Move rate limiting check before singleflight entry

Check rate limit while holding read lock
If rate-limited AND stale cache exists → return immediately
Otherwise proceed to singleflight for stampede prevention

Re-check rate limiting inside singleflight

Handles race where another goroutine just completed refresh
Prevents redundant registry calls within retry interval

Impact

Before:

// All goroutines block in singleflight, waiting for etcd timeout
c.sg.Do(service, func() {
    if rateLimited() { /* check happens here - too late */ }
    return c.Registry.GetService(service) // 5s timeout blocks everyone
})

After:

// Rate-limited goroutines with stale cache return immediately
if rateLimited() && len(staleCache) > 0 {
    return staleCache // no blocking
}
c.sg.Do(service, func() { ... }) // only non-rate-limited requests wait

Goroutines can serve stale cache without blocking on etcd timeouts during outages.

Warning

Firewall rules blocked me from connecting to one or more addresses (expand for details)

I tried to connect to the following addresses, but was blocked by firewall rules:

224.0.0.251
- Triggering command: REDACTED, pid is -1 (packet block)

If you need me to access, download, or install something from one of these locations, you can either:

Configure Actions setup steps to set up my environment, which run before the firewall is enabled
Add the appropriate URLs or hosts to the custom allowlist in this repository's Copilot coding agent settings (admins only)

Original prompt

This section details on the original issue you should resolve

<issue_title>[BUG] etcd authentication performance issue and registry cache penetration</issue_title>
<issue_description>## Describe the bug
The backgound is that we need to enable etcd server auth due to some security concerns.

Etcd server has a special authentication design which causes a serious performance problem of /etcdserverpb.Auth/Authenticate API.

From our observation, a normal 3-nodes etcd cluster whose spec like 64C 256G HDD can only support less than around 100 QPS for authentication requests.

In current default go-micro registry plugin setting and gRPC server setting, gRPC server will do a registry by using KeepAliveOnce every RegisterInterval(default 30s).

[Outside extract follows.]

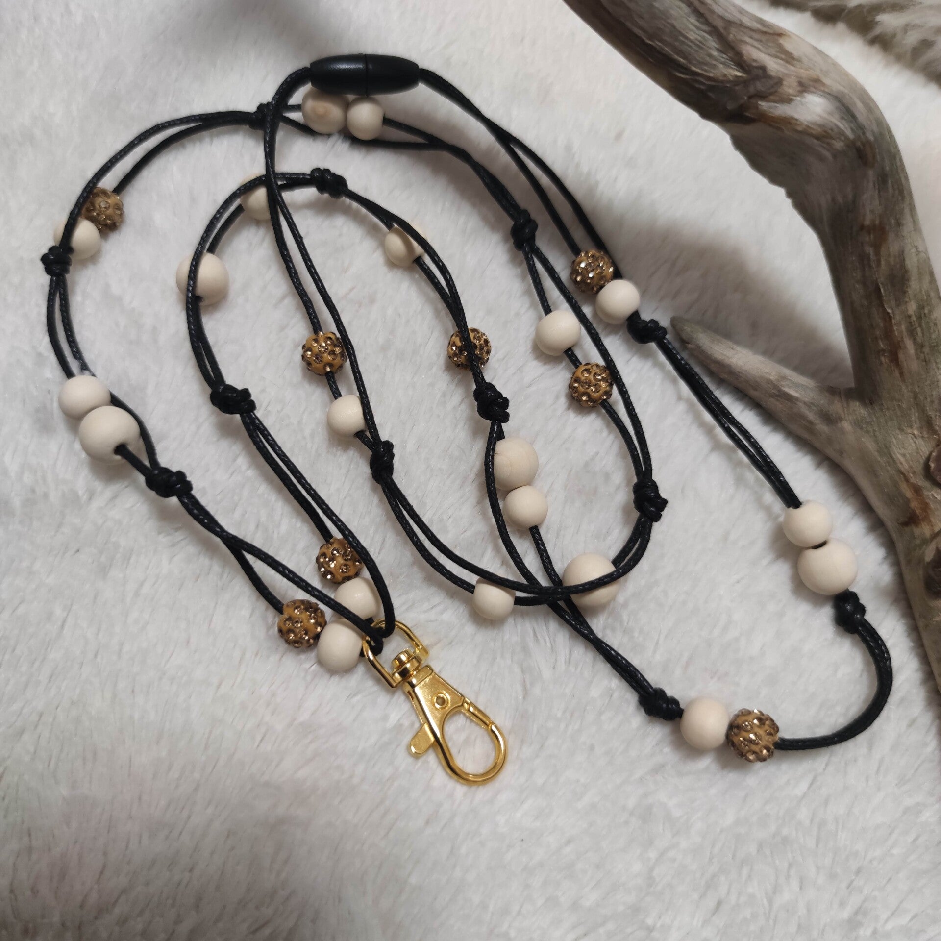 Vaalealla puuhelmillä sekä beigellä kimalle helmillä

KeepAliveOnce will use /etcdserverpb.Auth/Authenticate once to establish the stream.

In our Prod env, we have a k8s cluster which contains over 4000 service pods results in a steady /etcdserverpb.Auth/Authenticate QPS around 110.

When we start to enable the etcd auth, the etcd cluster can not handle such /etcdserverpb.Auth/Authenticate QPS causes the business KeepAliveOnce failed and deregister from etcd server after registryTTL.

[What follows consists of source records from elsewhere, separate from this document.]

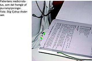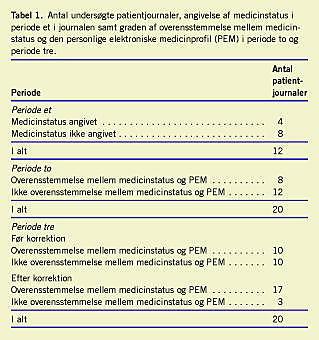 I dette studie indgik patienter, der i tre perioder - 14 dage i december 2005 og to gange 14 dage i marts 2006 - besøgte et geriatrisk hospitalsambulatorium. En projektlæge fik delegeret adgang til patienternes PEM i projektperioden. Periodetidspunkter og periodelængde blev dikteret af de deltagende ambulatorielægers tilstedeværelse. Ambulatorielægerne inkluderede alle patienter, hvor det i perioden var praktisk muligt. I den første periode havde ambulatorielægen ikke adgang til PEM. Perioden afspejlede »vanlig praksis« og kunne derfor anvendes til at se, hvor ofte medicinstatus blev noteret i journalen. I anden periode blev ambulatorielægen bedt om at notere medicinstatus i journalen, men havde ikke adgang til patientens PEM, hvilket alene projektlægen havde. I tredje periode havde ambulatorielægen via projektlægen adgang til oplysninger fra PEM'en. Antal undersøgte patientjournaler, angivelse af medicinstatus i periode et i journalen samt graden af overensstemmelse mellem medicinstatus og PEM i periode to og tre er anført i Tabel 1.
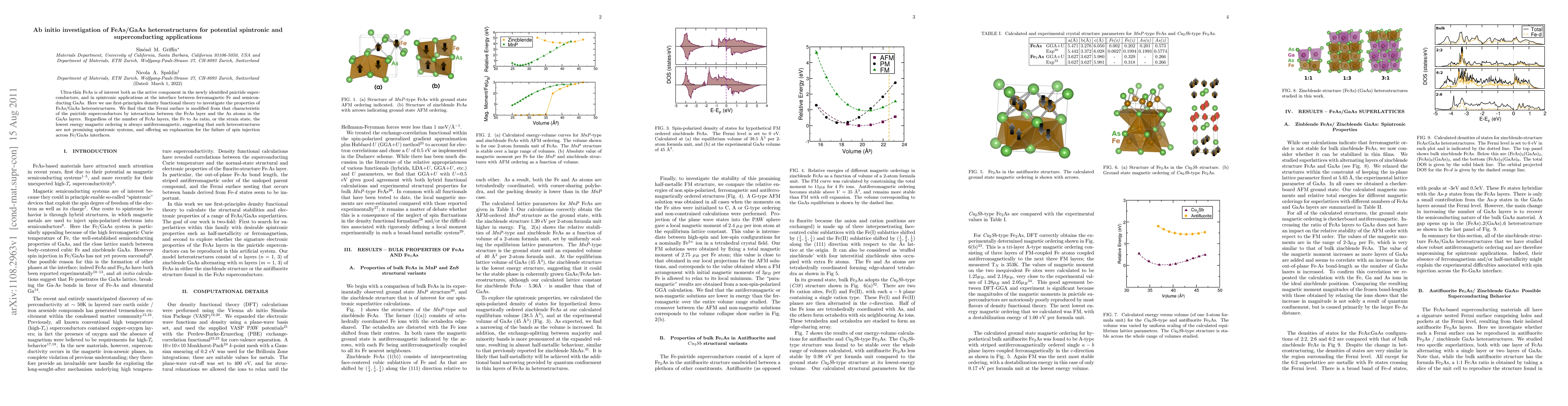This study uses first-principles density functional theory to explore FeAs/GaAs heterostructures, revealing that the Fermi surface is modified by interactions between FeAs and GaAs layers. Despite various configurations, the heterostructures exhibit antiferromagnetic ordering, indicating they are not suitable for spintronic applications.
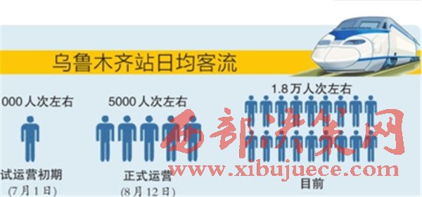 烏魯木齊站統(tǒng)計(jì)數(shù)據(jù)顯示,隨著始發(fā)終到列車增多、周邊公交線路增多以及知曉度提升,該站日均旅客發(fā)送量也由試運(yùn)營(yíng)初期的1000人次左右,到8月12日正式運(yùn)營(yíng)的5000人次左右,再穩(wěn)步增加到目前的1.8萬(wàn)人次左右。
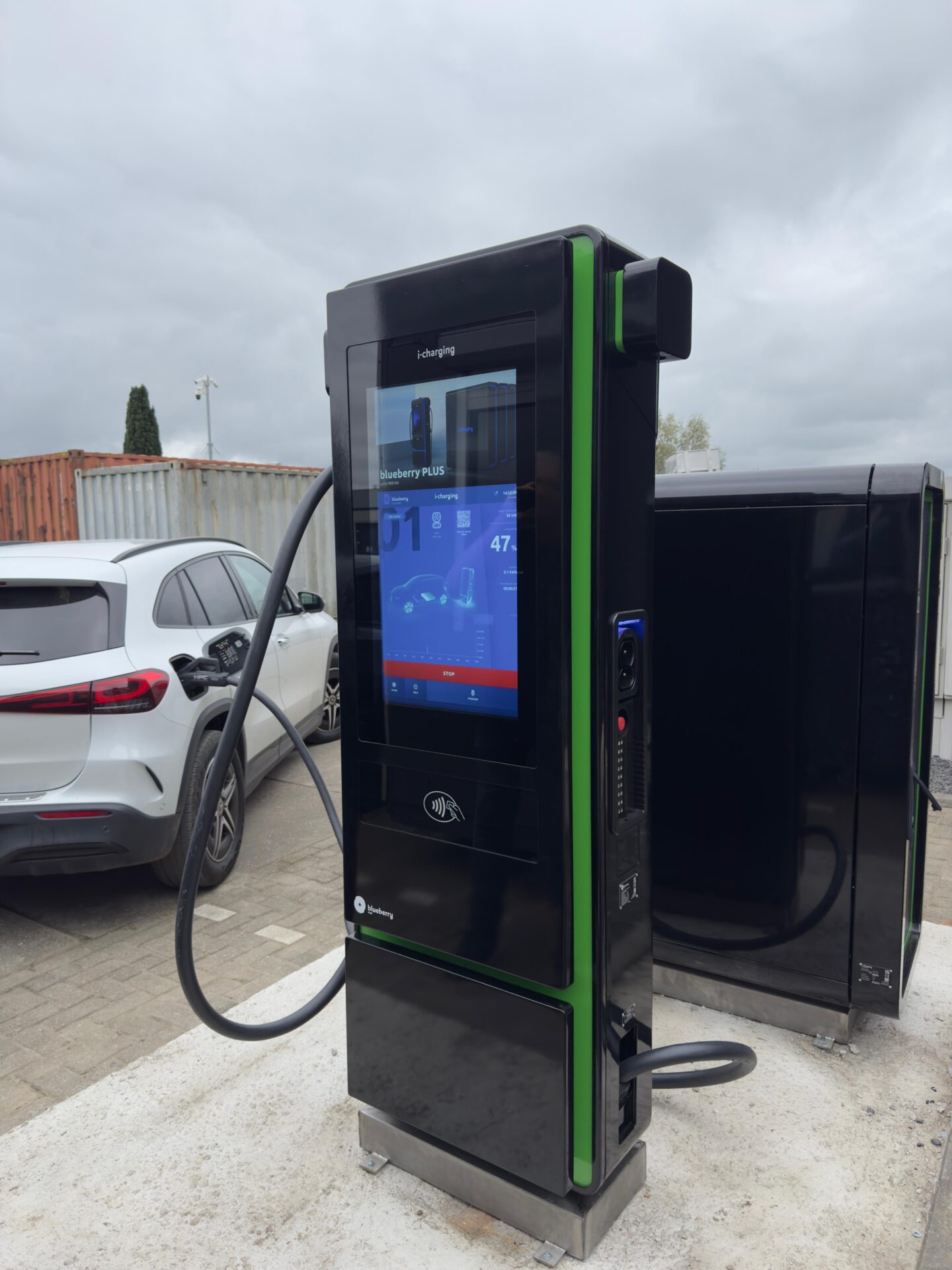 Voor deze klant hebben we een toekomstbestendige laadoplossing gerealiseerd die niet alleen geschikt is voor de eigen elektrische voertuigen, maar ook voorbereid is op het laden van elektrische trucks van de buurman in de toekomst. Het hart van deze installatie? Een krachtige I-Charging BlueBerry PLUS snellader van 200 kW, afkomstig van Europese bodem.

The upstream Watch the change and Delete downstream server nodes from registry cache which result in an empty cache finally.

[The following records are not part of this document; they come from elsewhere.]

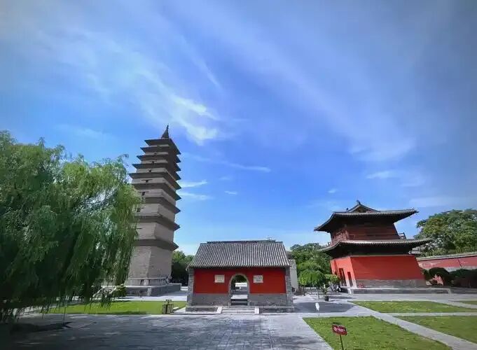 临济寺塔远看像一支笔,风吹过,塔影落在城墙根,拍起来不费劲。
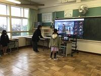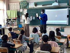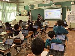 1年生がALTのエマさんと外国語指導員の佐藤先生と一緒にアルファベットの学習をしていました。「C」の文字を見て,すぐに「しー」と反応するニコちゃんがたくさんいました。さらに,エマさんの発音を聞いた後には,「スィー」という感じでエマさんの音に合わせようとする姿が,とても素敵でした。
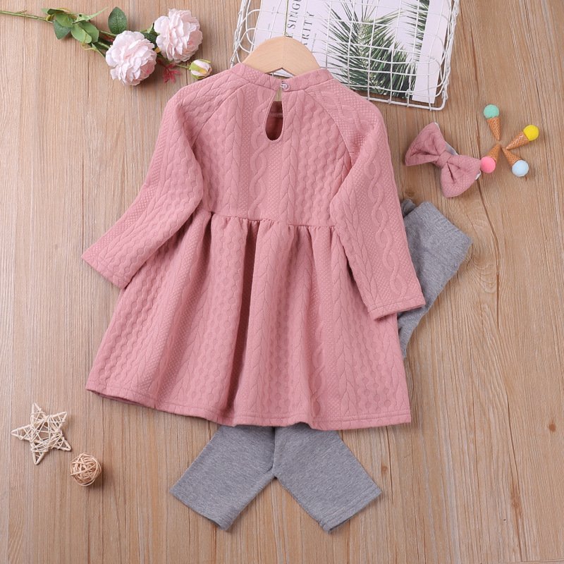 Girls Simple Solid Color Round Neck Long Sleeve Top And Pants Set
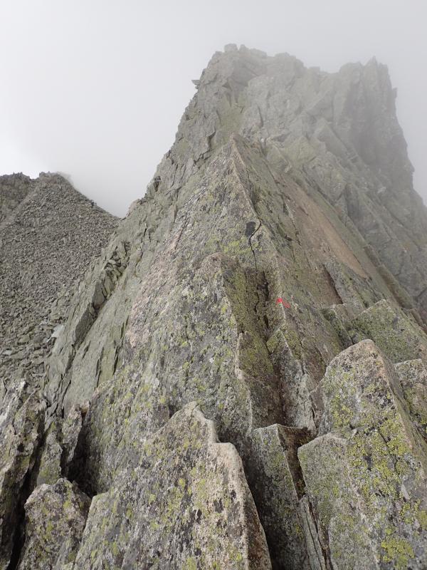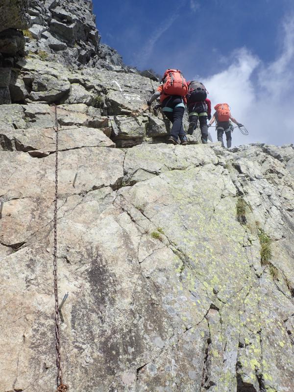 一度ルートに入ると、コースタイム平均9〜10時間の長丁場の緊張を要します。常にルートファインディング、足場、手の置き場、落石に細心の注意が必要です。

When the cache has been cleared, causes another cache penetration problem which is that a gRPC call will call etcd to get downstream nodes from etcd when cache is empty or invalid, but etcd server does not have the info in this time because downstream can not keep the registry hearbeat due to the /etcdserverpb.Auth/Authenticate problem.

The result is that all gRPC request penetrate to etcd and failed at last.

We wanna handle these two problems:

Limit the request to etcd when cache is empty to avoid the penetration issue.

Use "KeepAlive" instead of "KeepAliveOnce" to address /etcdserverpb.Auth/Authenticate QPS issue.

To Reproduce

Steps to reproduce the behavior:

create a 4000+ service pods which use default go-micro registry settings.

preconfigure the etcd username and passwd.

enable etcd cluster auth.

Environment

Go Micro version:

github.com/go-micro/plugins/v4/client/grpc v1.2.1

github.com/go-micro/plugins/v4/registry/etcd v1.2.0

github.com/go-micro/plugins/v4/server/grpc v1.2.0

go-micro.dev/v4 v4.9.0

go.etcd.io/etcd/client/v3 v3.5.2

Go version: 1.18

OS: Ubuntu 20.04

Plugins used:

etcd registry

Logs

server side monitor

Resources

Documentation

Examples

API Reference
</issue_description>

<agent_instructions>For #2824, I think that the rate limiting should be applied BEFORE singleflight to avoid multi-goutine blocking due to dial time out when etcd is down to make it can use stale cache directly.</agent_instructions>

Comments on the Issue (you are @copilot in this section)
@asim Could you look at this PR and see if it satisfies your requirements?
#2822</comment_new>
<comment_new>@asim
This PR #2822 is merged. If you are satisfied with the fix please close the issue.</comment_new>
<comment_new>@asim
Does this satisfy the requirements? #2823</comment_new>
<comment_new>@asim
New pr to address the issues you raised #2824

I think it highlights that you or anyone could do this via an LLM. My contribution is limited here.</comment_new>
<comment_new>@asim
I will merge the pr and that will be my last edit</comment_new>
<comment_new>@asim
Ok feel free to PR now. All the pieces are there</comment_new>

Fixes [BUG] etcd authentication performance issue and registry cache penetration #2821

✨ Let Copilot coding agent set things up for you — coding agent works faster and does higher quality work when set up for your repo.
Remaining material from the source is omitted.